Screening and Validation of Differentially Expressed circRNAs During Preadipocytes Differentiation

When comparing expression levels on days 2 to 0, days 8 to 0, and days 8 to 2 of preadipocytes differentiation, a total of 15, 32, and 16 differentially expressed circRNAs were found in day 2 vs day 0 (Supplementary Table S2), day 8 vs day 0 (Supplementary Table S3), and day 8 vs day 2 (Supplementary Table S4), respectively.
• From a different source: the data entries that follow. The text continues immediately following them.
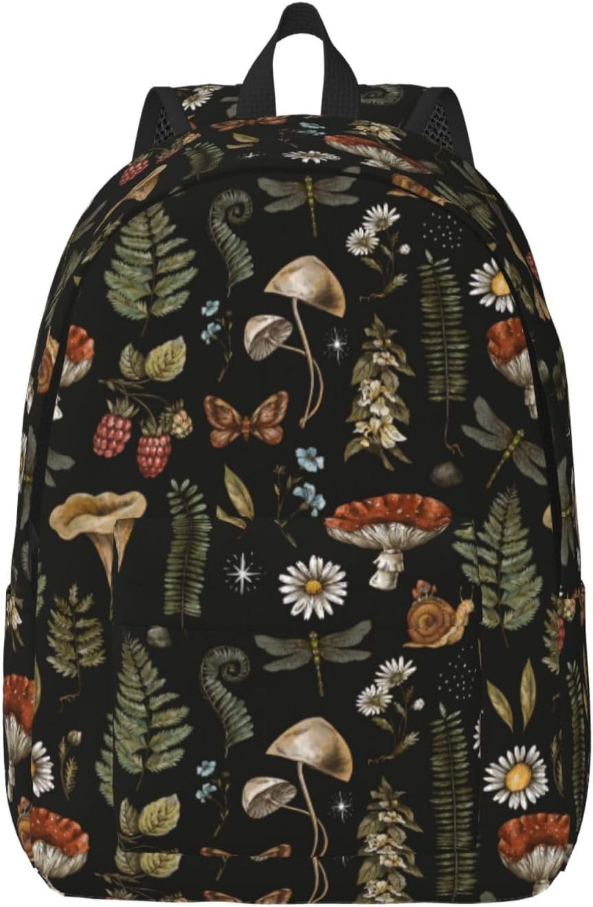 Vintage Mushroom Witchcraft Plant Backpack for Girls Boys Women Lightweight Canvas Bookbag Casual Daypack for Travel Outdoor Camping, 17 Inch
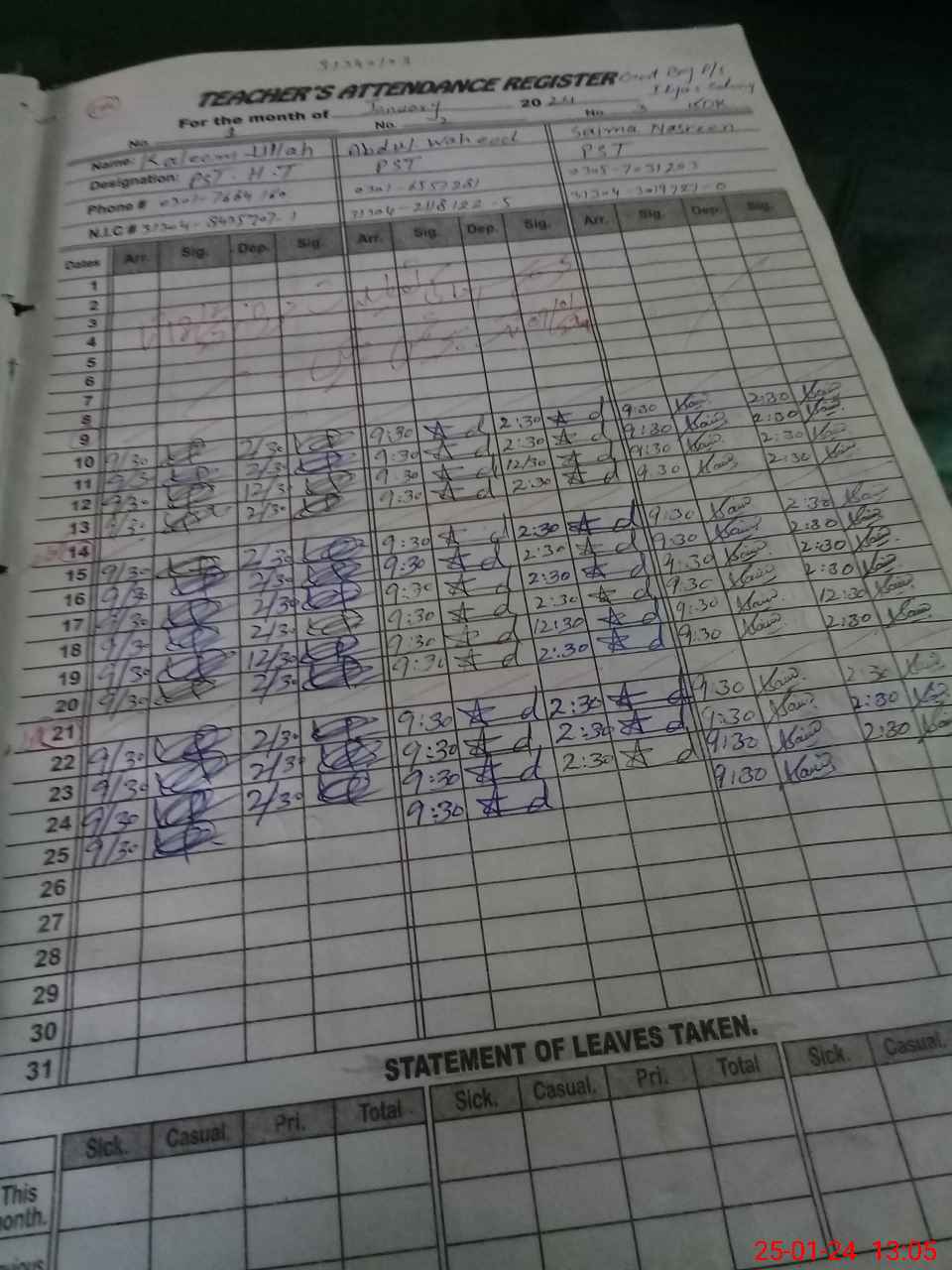 | CNIC | Full Name | Designation | R/C | Absence during last cal. month |
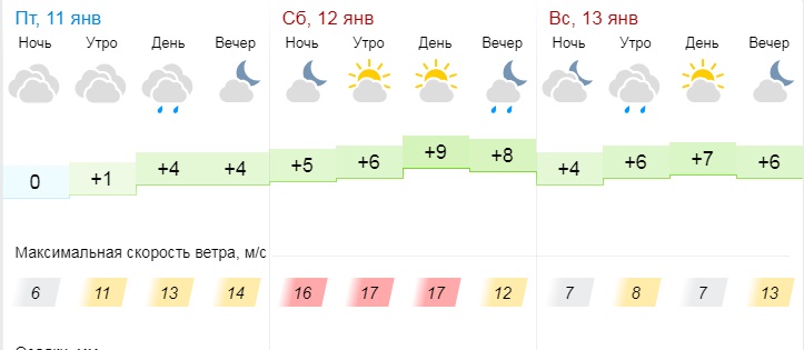 Cегодня, 11 января, возможны осадки. Средняя температура воздуха днём составит +4°С.
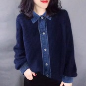 ニットトップス レディース トップス デニム 異素材ミックス ドッキング フェイクツーピース 重ね着風 フロントボタン 長袖 ニット セーター ボリューム袖 襟あり ポロ襟 カジュアル 個性的 女性
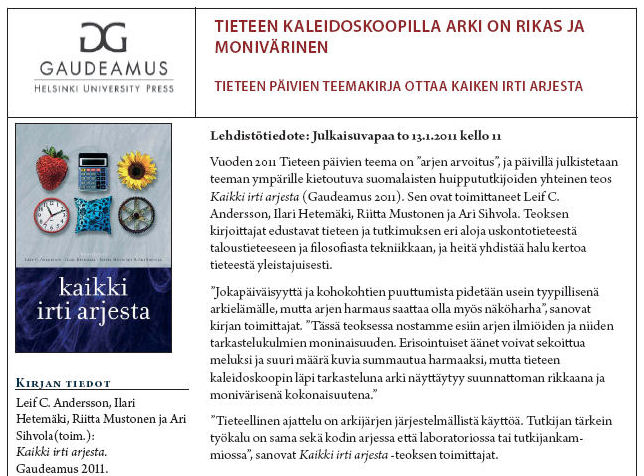 ![]() Leif C. Andersson, Ilari Hetemäki, Riitta Mustonen ja Ari Sihvola(toim.): Kaikki irti arjesta. Gaudeamus 2011. Teos julkaistaan yhteistyössä Tieteellisten seurain valtuuskunnan kanssa. Otteita teoksesta: |
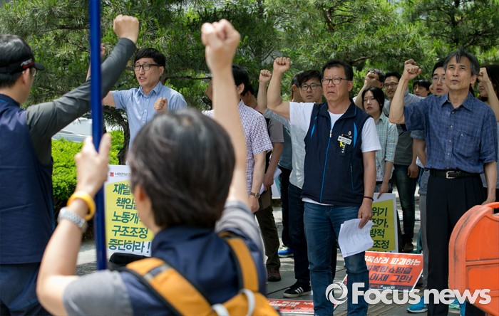 (서울=포커스뉴스) 23일 오후 서울 여의도 산업은행 본점 앞에서 민주노총과 시민사회단체 등으로 구성된 재벌책임공동행동이 규탄 및 서울대행진 출발 기자회견을 하고 있다.
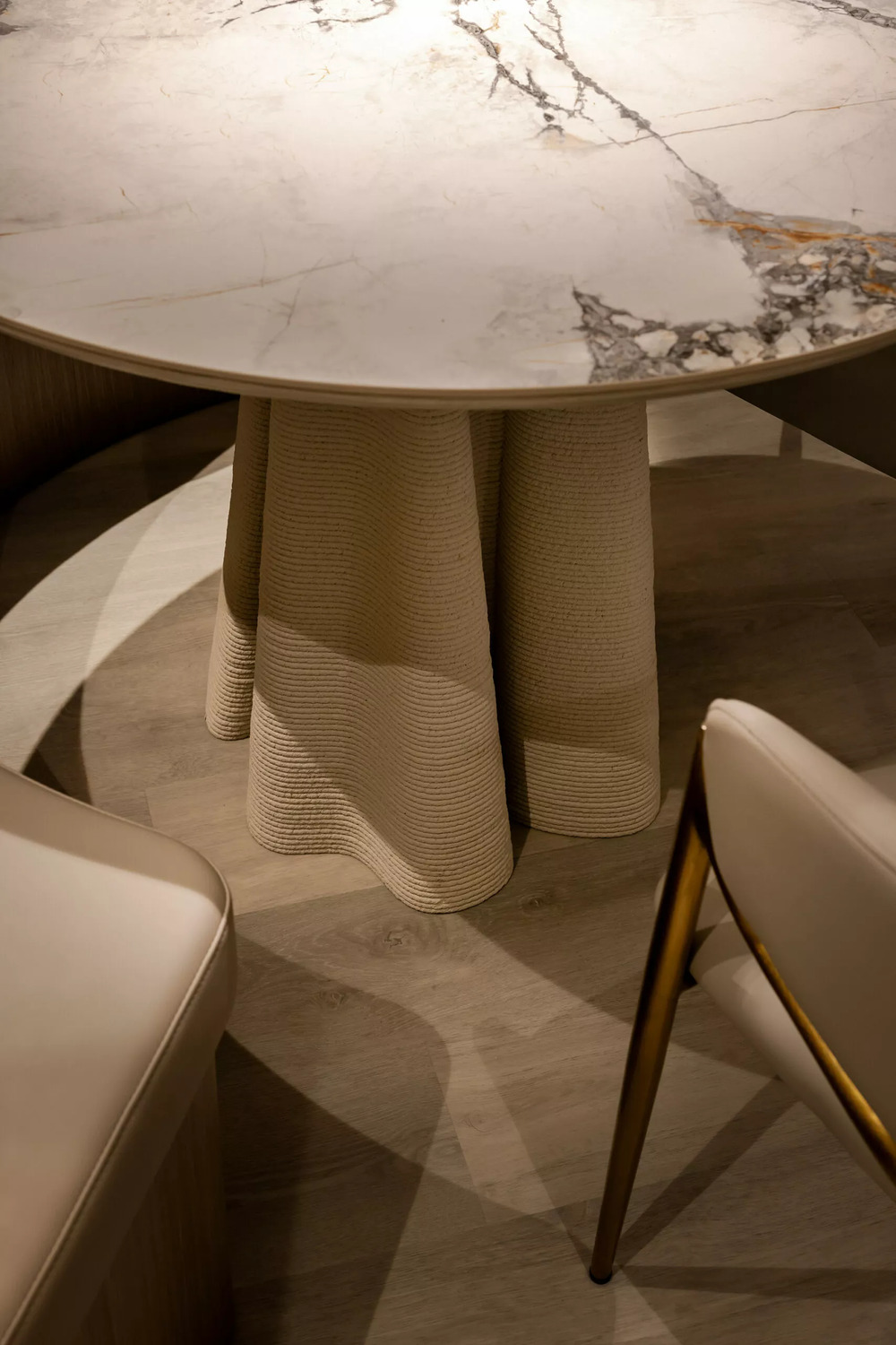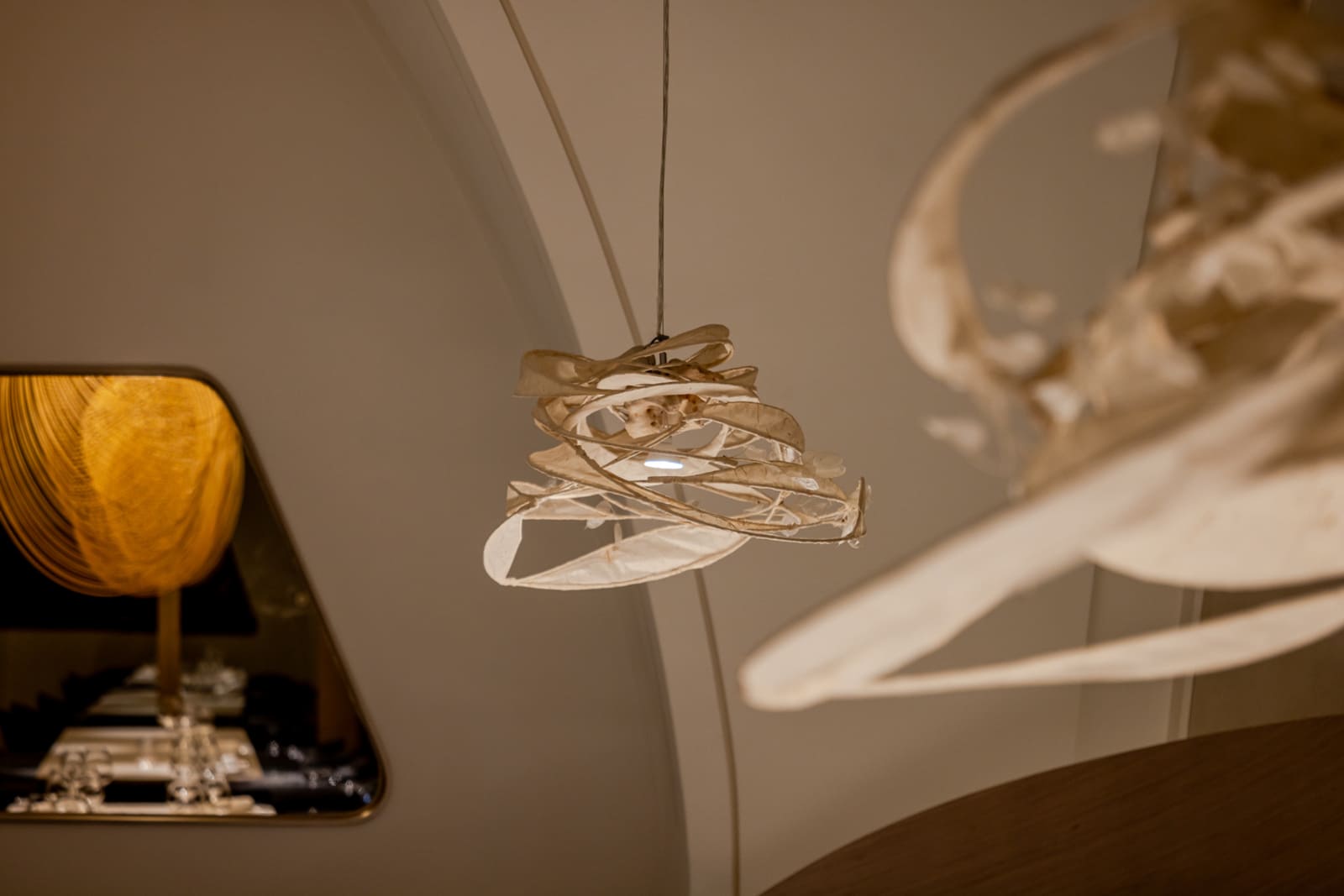 Technology, 3D printing, industrial design, Wickerwork, and floral design are integrated to transform overlooked wastes in daily life into novel and original regenerated resources. Taiwan has a deep connection with the ocean, especially for Kaohsiung, there is a port once the third-largest one in the world. This geographical location surrounded by the sea, cultural traditions of seafood consumption, and the influence of maritime climate were pivotal factors guiding our design approach for this project. When creating the materials for this project, our aim was not only to extract from the earth but also to give back to the environment. For example, we collected discarded oyster shells after consumption to prevent their difficulty in decomposing in the environment. Additionally, through beach clean-ups, we gathered discarded fishing nets from local harbors to reduce their threat to marine ecosystems, thus fostering a more sustainable marine environment and establishing a supply chain cycle between ecology and the restaurant. In the space crafted with silky cream-colored and elegant curves, the usage ratio of sustainable materials approaches 80%.

It was noteworthy that some differentially expressed circRNAs were generated from genes related to adipocytes differentiation and lipid metabolism, such as COL6A2 circRNA (circ_005812) (Liu et al., 2017), CCDC88A circRNA (circ_001285) (Ghosh et al., 2011, Wang et al., 2020), MXRA5 circRNA (circ_000589) (Arner et al., 2018), IGF1R circRNA (circ_005401) (Wiper-Bergeron et al., 2003), and ZEB1 circRNA (circ_005620) (Saykally et al., 2009; Wang et al., 2021).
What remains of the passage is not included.